А Джимми? Кончина королевы могла стать событием, которое придало бы новый смысл всей его жизни. В Англии начнутся брожения, престолонаследие окажется под вопросом. Бервик родился, чтобы царствовать, а сейчас, когда наконец такая возможность ему представлялась, он торчал здесь, в нескольких тысячах километров к югу, и был вынужден заниматься делом, которое его абсолютно не интересовало. Никому не дано вести осаду крепости на юге и одновременно возглавлять династический переворот на севере. Джимми придется выбирать.
Хотя Бервик и казался космополитом, на самом деле он был англичанином до мозга костей. Когда его отца, последнего католического короля Англии, отправили в изгнание, Джимми получил воспитание при французском дворе. Министры Монстра возвысили его, и все таланты Бервика получили развитие, несмотря на его незаконное происхождение. Но в качестве французского наемника он никогда бы не занял ведущих позиций.

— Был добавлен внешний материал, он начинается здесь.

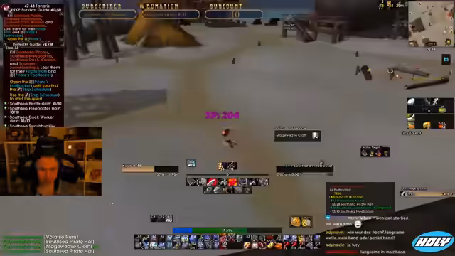 08:47:48Der Streamer reflektiert über seine sehr langsamen Level-Erfahrungen der letzten Tage, die sich schmerzhaft angefühlt haben. Parallel dazu berichtet er von einem unglücklichen Vorfall im PvP, bei dem er versehentlich einen anderen Spieler getötet hat. Dieser Vorfall führt zu einer Diskussion über Verhaltensregeln im Spiel und Verwirrung in der Gilde.

К 1714 году все необходимые регалии Джимми уже заслужил – ему было что предъявить в Лондоне. Победитель тысячи битв и маршал мира. Терпим в области религии (само собой разумеется, ведь сам он ни во что не верил), миротворец в конфликтах между различными партиями (Бервик не верил и в них), верный слуга тем, кто мог его возвысить (он умел пользоваться всеми и готов был всем служить). Вобан, политически наивный, как Цицерон, был сторонником республики добропорядочных мужей. Джимми не верил ни в какое государство, если только его не возглавляли бы он сам (и еще несколько таких же порочных типов). И тем не менее он продолжал служить Монстру, который направил его в Испанию. Невозможно было себе представить, что он покинет осажденный город сейчас, когда после смещения Пополи прошло так мало времени. Монстр содрал бы с него за это три шкуры. Смерть королевы заставляла Джимми выбирать между обязательствами перед Францией, которая его взрастила, и своей судьбой.

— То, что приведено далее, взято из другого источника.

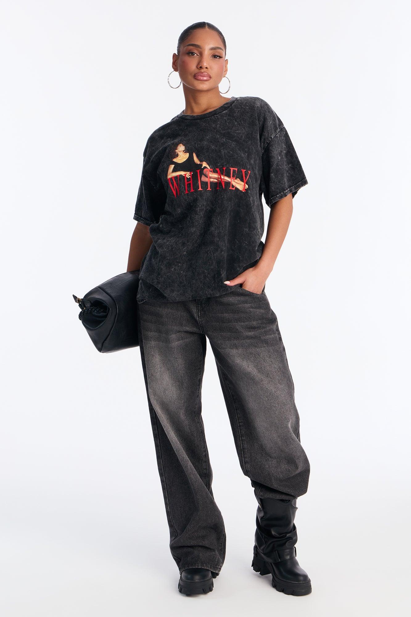 Whitney Houston Laying Pose Washed Tee - Black Wash Female

У него было предостаточно причин нас ненавидеть. Мировая война, продолжавшаяся долгие четырнадцать лет, завершилась. А какие-то безумцы из Барселоны не желали с этим согласиться и лишали его королевского будущего. Я сопровождал его много дней подряд, и он мог бы поинтересоваться причинами подобного фанатизма, но ему ни разу не пришло в голову спросить. Джимми начал осаду и закончил ее, даже не полюбопытствовав, кто его враги и что они защищают. Мне кажется, ненависти к нам он не испытывал, потому что не задумывался о добре и зле. Бервик был к нам равнодушен и просто видел в нас препону.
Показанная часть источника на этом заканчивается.